Just to share another data point. New Bolt+. Sitting out in the open and been running for about a week now. Room temp is ~73°F.
Coax connector is ~93°F.
Top of the case in the middle, in line with the coax connector is ~122°F.
ODT reports ~66°C (151°F). Fan sounds like it's running, but slowly, not in high-speed mode.
This is in idle, not transcoding or anything, I haven't run those numbers yet.
While they consider this "normal" it is much hotter than previous generations. To me, the case is way too hot, I'll be adding an external fan.


----------



## unitron (Apr 28, 2006)

bzt8fs said:


> Just to share another data point.

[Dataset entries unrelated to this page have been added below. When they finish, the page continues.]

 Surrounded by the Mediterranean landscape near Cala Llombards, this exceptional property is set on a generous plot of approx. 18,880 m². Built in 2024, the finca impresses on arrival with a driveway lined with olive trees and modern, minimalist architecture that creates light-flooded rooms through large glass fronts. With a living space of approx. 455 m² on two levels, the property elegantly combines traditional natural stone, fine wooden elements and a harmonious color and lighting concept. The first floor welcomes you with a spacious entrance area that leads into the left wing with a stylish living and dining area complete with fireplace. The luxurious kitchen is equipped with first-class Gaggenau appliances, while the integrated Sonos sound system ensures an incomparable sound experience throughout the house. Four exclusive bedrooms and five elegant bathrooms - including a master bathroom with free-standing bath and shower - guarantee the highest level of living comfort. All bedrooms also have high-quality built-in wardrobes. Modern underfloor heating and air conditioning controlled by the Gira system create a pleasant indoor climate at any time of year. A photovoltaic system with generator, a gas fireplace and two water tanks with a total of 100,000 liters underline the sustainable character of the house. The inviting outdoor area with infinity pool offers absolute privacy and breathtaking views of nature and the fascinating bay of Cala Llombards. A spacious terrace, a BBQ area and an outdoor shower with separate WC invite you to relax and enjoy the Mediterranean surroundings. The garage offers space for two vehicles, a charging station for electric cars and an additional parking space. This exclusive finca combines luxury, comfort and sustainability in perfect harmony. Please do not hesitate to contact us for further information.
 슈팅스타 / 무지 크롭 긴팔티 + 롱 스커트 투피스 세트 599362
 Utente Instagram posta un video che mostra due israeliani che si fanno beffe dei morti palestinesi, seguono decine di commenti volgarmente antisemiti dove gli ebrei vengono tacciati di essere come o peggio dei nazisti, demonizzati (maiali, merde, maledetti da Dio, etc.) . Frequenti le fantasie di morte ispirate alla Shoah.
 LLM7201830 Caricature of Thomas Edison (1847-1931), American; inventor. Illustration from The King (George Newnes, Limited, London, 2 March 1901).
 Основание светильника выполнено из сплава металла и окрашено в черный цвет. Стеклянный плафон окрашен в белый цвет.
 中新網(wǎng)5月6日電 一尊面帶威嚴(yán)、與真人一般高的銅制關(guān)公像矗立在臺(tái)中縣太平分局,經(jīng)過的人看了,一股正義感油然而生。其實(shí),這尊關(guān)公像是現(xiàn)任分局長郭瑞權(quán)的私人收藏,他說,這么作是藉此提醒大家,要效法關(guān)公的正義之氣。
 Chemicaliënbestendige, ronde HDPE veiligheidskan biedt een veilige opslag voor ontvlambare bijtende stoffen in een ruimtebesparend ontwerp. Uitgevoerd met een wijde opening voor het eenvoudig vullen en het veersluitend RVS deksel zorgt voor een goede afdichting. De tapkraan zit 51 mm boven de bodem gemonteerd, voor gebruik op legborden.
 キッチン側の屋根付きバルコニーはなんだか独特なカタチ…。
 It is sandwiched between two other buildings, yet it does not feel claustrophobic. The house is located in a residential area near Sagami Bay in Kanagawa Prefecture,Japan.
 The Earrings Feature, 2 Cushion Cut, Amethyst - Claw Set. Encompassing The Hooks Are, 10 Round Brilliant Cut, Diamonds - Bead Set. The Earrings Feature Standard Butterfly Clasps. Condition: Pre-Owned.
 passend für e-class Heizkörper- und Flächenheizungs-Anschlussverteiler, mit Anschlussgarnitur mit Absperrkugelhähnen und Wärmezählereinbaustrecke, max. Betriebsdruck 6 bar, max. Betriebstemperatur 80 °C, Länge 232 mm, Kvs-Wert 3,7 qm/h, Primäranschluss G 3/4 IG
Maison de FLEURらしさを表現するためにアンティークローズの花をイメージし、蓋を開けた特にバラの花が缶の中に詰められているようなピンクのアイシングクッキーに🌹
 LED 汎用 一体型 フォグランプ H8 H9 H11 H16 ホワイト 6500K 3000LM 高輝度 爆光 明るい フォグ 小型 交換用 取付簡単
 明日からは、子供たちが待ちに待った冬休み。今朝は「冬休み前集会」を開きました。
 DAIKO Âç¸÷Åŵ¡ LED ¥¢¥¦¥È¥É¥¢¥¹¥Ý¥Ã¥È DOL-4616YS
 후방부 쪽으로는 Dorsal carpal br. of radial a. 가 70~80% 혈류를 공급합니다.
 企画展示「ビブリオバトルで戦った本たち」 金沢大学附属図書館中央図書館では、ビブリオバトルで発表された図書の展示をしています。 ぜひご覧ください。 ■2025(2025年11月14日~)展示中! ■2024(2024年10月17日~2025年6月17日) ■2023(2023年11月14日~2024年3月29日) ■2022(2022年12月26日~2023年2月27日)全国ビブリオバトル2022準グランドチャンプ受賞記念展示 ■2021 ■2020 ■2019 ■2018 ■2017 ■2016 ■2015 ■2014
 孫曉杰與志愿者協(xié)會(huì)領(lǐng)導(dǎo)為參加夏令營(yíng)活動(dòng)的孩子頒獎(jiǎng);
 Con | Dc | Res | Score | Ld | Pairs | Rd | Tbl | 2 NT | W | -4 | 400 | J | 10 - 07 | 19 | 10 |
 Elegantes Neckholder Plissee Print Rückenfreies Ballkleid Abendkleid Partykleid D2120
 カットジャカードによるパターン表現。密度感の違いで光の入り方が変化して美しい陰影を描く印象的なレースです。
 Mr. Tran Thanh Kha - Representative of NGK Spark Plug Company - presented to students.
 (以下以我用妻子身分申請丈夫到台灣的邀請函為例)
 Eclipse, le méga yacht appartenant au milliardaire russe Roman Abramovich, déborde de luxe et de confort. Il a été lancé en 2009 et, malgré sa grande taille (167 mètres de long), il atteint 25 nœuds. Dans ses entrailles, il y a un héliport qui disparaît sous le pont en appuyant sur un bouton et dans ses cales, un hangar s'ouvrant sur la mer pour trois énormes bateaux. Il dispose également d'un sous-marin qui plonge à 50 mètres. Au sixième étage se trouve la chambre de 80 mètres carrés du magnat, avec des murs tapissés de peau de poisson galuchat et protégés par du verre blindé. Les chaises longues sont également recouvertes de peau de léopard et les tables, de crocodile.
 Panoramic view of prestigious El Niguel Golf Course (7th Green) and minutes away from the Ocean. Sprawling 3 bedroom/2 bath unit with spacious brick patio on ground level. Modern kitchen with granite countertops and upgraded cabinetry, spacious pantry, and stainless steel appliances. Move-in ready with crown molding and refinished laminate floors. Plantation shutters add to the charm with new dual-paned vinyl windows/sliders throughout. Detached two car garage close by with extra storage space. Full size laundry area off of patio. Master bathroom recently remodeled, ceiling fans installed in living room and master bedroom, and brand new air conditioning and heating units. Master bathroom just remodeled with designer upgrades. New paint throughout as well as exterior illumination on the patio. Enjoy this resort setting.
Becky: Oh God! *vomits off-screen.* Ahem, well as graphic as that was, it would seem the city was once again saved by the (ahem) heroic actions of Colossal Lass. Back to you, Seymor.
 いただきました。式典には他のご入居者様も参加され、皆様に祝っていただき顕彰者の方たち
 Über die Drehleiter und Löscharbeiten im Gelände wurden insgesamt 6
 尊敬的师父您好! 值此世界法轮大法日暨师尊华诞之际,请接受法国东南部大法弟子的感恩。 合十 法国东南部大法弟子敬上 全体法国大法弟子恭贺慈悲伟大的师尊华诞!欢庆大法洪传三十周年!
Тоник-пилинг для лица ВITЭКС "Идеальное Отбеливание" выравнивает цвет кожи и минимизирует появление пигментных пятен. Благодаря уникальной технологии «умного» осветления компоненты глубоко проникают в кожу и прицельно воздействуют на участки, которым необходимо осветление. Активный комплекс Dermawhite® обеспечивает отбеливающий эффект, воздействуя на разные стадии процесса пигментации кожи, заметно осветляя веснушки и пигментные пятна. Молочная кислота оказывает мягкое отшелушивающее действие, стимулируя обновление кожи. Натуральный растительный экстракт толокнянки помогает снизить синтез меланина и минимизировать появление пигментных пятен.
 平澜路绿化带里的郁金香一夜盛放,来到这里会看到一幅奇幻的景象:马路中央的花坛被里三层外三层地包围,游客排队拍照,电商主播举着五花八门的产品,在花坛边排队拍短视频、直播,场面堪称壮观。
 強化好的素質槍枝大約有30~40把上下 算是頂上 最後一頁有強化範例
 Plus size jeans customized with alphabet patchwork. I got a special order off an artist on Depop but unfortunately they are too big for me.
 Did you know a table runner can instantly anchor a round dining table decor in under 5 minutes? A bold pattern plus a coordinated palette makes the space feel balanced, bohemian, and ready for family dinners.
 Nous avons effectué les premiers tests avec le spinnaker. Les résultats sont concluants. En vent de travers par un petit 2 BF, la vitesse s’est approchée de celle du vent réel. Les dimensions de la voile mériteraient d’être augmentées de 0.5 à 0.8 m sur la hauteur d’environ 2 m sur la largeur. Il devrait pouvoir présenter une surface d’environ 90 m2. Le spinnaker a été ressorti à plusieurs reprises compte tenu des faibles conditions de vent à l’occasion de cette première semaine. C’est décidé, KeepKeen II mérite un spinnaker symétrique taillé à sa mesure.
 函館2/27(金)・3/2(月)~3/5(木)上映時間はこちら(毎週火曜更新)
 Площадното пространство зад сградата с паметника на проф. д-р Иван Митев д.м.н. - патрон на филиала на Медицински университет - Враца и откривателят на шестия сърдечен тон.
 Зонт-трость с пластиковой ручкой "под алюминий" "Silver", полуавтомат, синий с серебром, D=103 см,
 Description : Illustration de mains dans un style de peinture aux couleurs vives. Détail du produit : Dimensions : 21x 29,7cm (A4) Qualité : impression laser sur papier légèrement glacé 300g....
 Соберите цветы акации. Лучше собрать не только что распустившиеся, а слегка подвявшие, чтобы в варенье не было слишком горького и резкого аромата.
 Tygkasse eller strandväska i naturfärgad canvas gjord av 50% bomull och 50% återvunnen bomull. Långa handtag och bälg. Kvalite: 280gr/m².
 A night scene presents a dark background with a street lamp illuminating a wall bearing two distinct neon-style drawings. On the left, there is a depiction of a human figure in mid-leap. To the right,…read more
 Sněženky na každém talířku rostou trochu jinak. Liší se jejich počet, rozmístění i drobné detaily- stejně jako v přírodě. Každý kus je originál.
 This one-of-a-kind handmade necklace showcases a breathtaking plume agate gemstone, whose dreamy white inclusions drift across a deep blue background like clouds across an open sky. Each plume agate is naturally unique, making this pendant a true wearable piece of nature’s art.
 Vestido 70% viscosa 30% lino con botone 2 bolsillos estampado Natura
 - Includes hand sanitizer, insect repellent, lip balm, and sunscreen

New Bolt+. Sitting out in the open and been running for about a week now. Room temp is ~73°F.
> Coax connector is ~93°F.
> Top of the case in the middle, in line with the coax connector is ~122°F.
> ODT reports ~66°C (151°F). Fan sounds like it's running, but slowly, not in high-speed mode.
> ...


Tuners aren't especially known for running hot, because the currents involved aren't all that great.

I'd be tempted to check your incoming co-ax for some stray AC or DC that's finding a conductive path inside the TiVo.


----------



## JoeKustra (Dec 7, 2012)

unitron said:


> Tuners aren't especially known for running hot, because the currents involved aren't all that great.
> 
> I'd be tempted to check your incoming co-ax for some stray AC or DC that's finding a conductive path inside the TiVo.


I agree with your logic, but on my basic Roamio, the (very) warmest location is the corner of the box with the RF connector. My motherboard temperature is 37C in a 72F room.


----------



## cybergrimes (Jun 15, 2015)

I put an $8 USB powered laptop cooling pad under my Bolt, lowered the ODT from a constant 63 to a range of 53-55.

I've seen enough devices with hot coax inputs that I wouldn't consider it abnormal if a bit hot. The exception being the short lived & ill executed Boxee TV that would get so hot you couldn't touch it. That was awful.

Here's the pad I found at local Walmart: http://www.walmart.com/ip/Onn-Laptop-Cooling-Pad/47891427


----------